Ainda de olhos fechados, sem camisa e deitado confortavelmente na poltrona onde caíra no sono durante a manhã, o caçador falou:

— O que você está fazendo aqui, Adimus?

— O quê? Como? — Adimus bufou antes de continuar: — Raios! Você estava com os olhos fechados, como podia saber que era eu?

O homem que se encontrava sem camisa e deitado confortavelmente na poltrona, com curativos frescos espalhados pelo seu corpo, suspirou, profundamente, antes de responder com um tom de intensa insatisfação na voz.

— Eu não conheço mais ninguém que pise como um elefante ao andar como você faz, meu caro — o caçador respondeu ainda com os olhos fechados. — Mas isso não vem ao caso, pelo menos por enquanto. Achei que tivesse sido bem claro quando dei ordens para que você permanecesse em En'nalis.

— E foi! Eu estava cumprindo suas ordens à risca quando Arryn me encontrou e disse que você estava em perigo — Adimus pareceu meio confuso e jogou o peso do corpo de uma perna para a outra ao continuar. — Ela me implorou que eu viesse para cá o mais rápido possível para te ajudar, e mesmo não concordando com o pedido da sua irmã... bom, posso lhe dizer que ela sabe muito bem como ser persuasiva e aqui estou.
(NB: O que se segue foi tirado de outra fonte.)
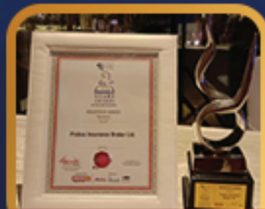
CMO Global Digital Broker of the Year 2019
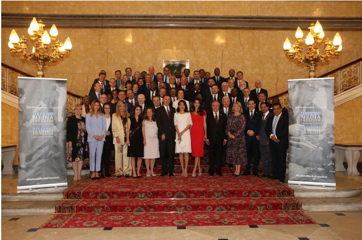
Lancaster House at the first Global Media Freedom Conference in London, July 2019
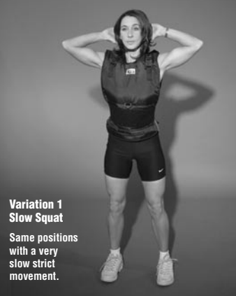
Variation 1 Slow Squat Same positions with a very slow strict movement.

Stand in a ready position with feet slightly outside the shoulder with your feet in a neutral position, at a 20 degree laterally rotated position. Begin with your hips and knees flexed, your trunk should lean forward slightly while stabilizing the trunk. Bend the knees and lower the body. The optimal position of the knees would be 90 degrees, but you must always maintain proper body position. When you have lowered your body to the positional goal, pause for a moment then begin to extend the legs raising back to original starting position, the weight should be over the ankle and felt in the heel of your foot. Repeat to desired goal.
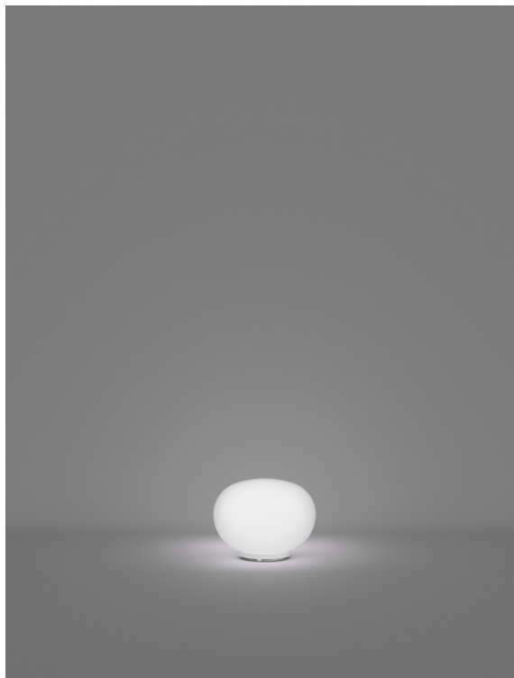
LUCCI LT 18 BCST BC 14E CE
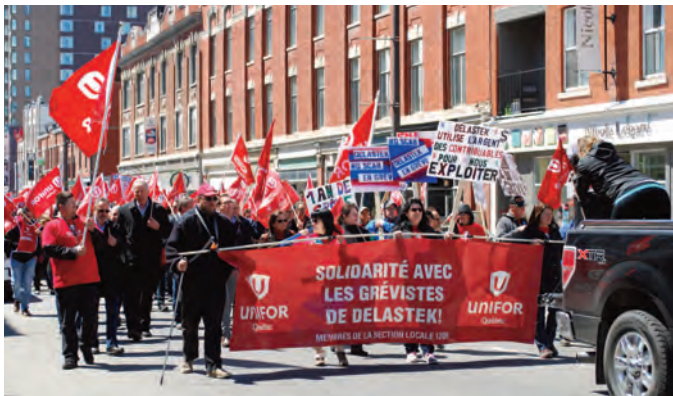
Walk in solidarity with the members of Local 1209 at Delastek in the streets of Trois-Rivières during Quebec Council on May 5, 2016.

In Spain, labour statutes do not regulate the use of replacement workers. Rather, the prohibition of scabs is by royal decree. This dates back to 1977 (RDL 17-1977, Article 6), wherein the decree specifies that, "As long as the strike lasts, the employer may not replace the strikers with workers
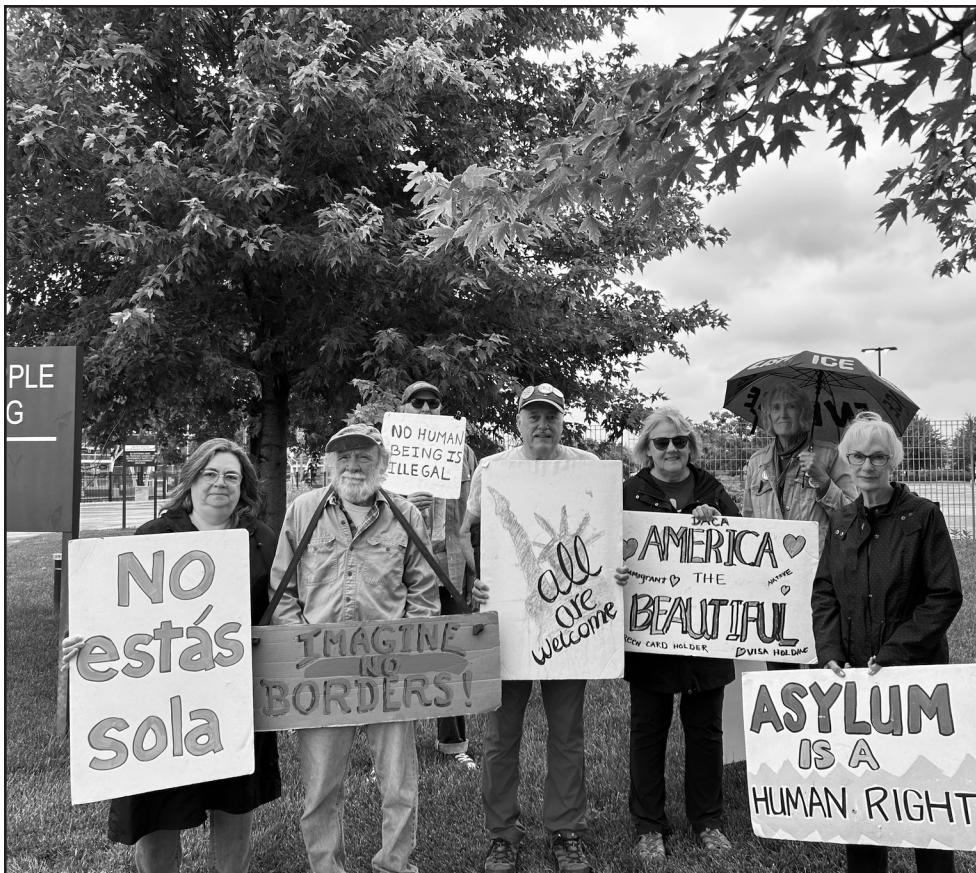
Welcoming signs at the weekly Immigration Rights Vigil, ICE facility, Ft. Snelling.
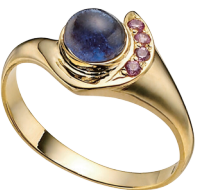
EAR - 2006
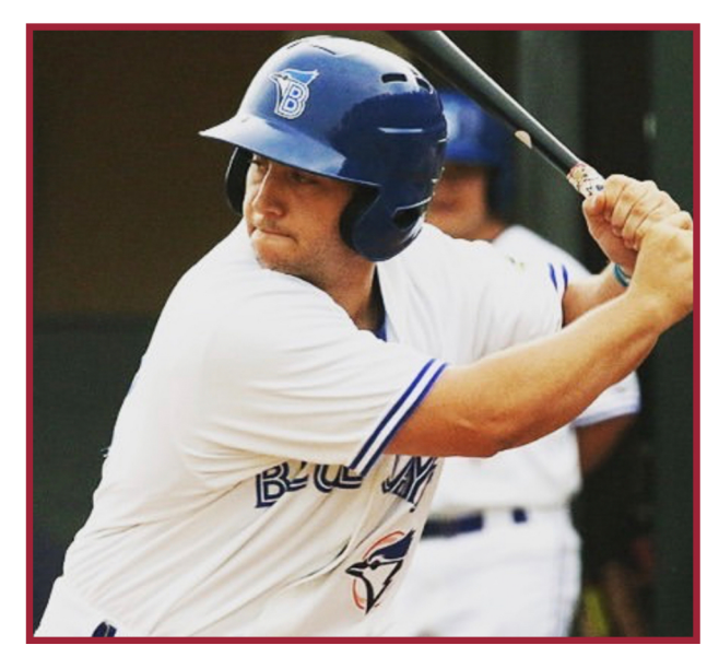
Gold with Bluefield in 2017

I'm very thankful for where I've been and how it's shaped me into the man I am today. You may not be where you want to be, but you're supposed to be where you're supposed to be. That mentality helps you stay in the moment and give you perspective. Once you get used to it, it makes everything a lot easier. The transition from place to place seems like nothing. Moving around a lot in my life helped me to get use to uncomfortable situations in pro
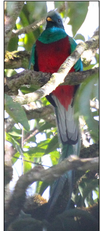
Photos: Silver-throated Tanager, Snowcap, Black-and-yellow Silky Flycatcher, Scintillant Hummingbird, Resplendent Quetzal
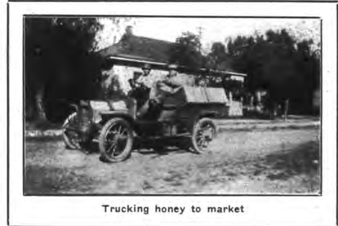
Trucking honey to market

With myriad wild flowers in the spring, a steady growth of sage and the proximity of the colony orchards, and hundreds of acres of blooming alfalfa, the llano is an ideal location for the business of production
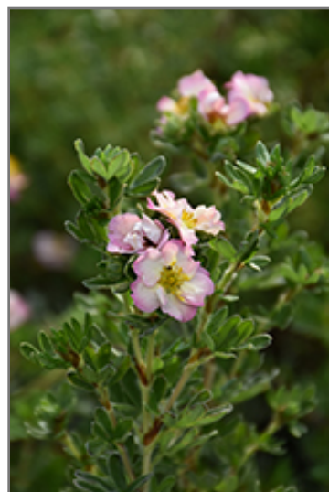
Happy Face Hearts Potentilla flowers
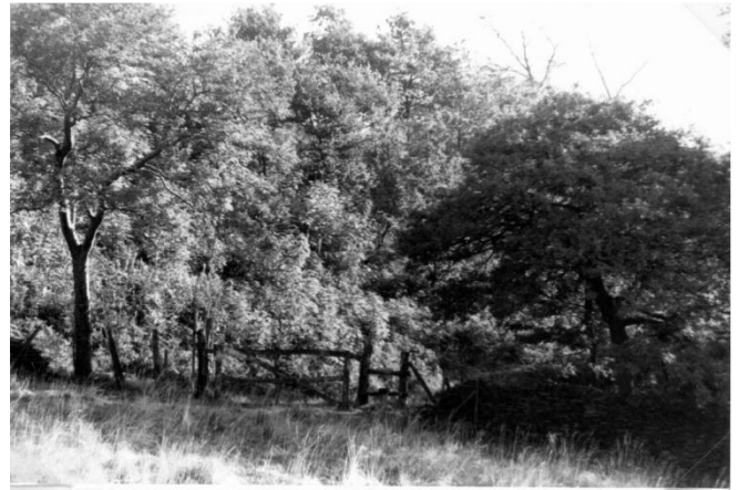
...looking east back into the wood.
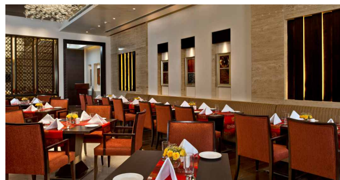
Rainbow - A specialty restaurant

— E aqui você está — o caçador concordou muito a contragosto, desprovido de qualquer vontade de abrir os olhos.

— Sim! Ainda bem que sua irmã me convenceu a vir até aqui. Pelo pouco que pude ver até agora e considerando o estado em que você se encontra, tenho absoluta certeza que você precisa de ajuda — Adimus bateu com a mão em seu próprio peito e continuou: — Não se preocupe, meu querido amigo, eu estou aqui para lhe ajudar.

— Preciso? — indagou o caçador.

Rasban andava de um lado para o outro enquanto prestava atenção na conversa dos dois homens que chegaram sem convite a sua casa e que nem ao menos eram bem-vindos ali. Ele estava preocupado com a menina ferida, deitada em sua cama, e que cuidara com tanto afinco durante o dia inteiro. O velho fantasma sabia que dificilmente eles passariam incólumes pelos perigos que a noite de hoje traria, e isso o estava consumindo por dentro. Ele não admitia, em hipótese alguma, correr o risco de perder a pequena Arryn agora, não depois de todo o trabalho que tivera para salvá-la. Ele sabia que precisava fazer alguma coisa e foi então que resolveu se intrometer na conversa:

— Deixa de besteira, seu ingrato! Você sabe muito bem o que está por vir e obviamente nós precisamos de toda a ajuda que conseguirmos encontrar, mesmo sendo desse aí — o velho fantasma esbravejou enquanto apontava o dedo na direção de Adimus. — Então, pare logo com essa conversa fiada e levante-se. Precisamos estar prontos para agir quando eles chegarem.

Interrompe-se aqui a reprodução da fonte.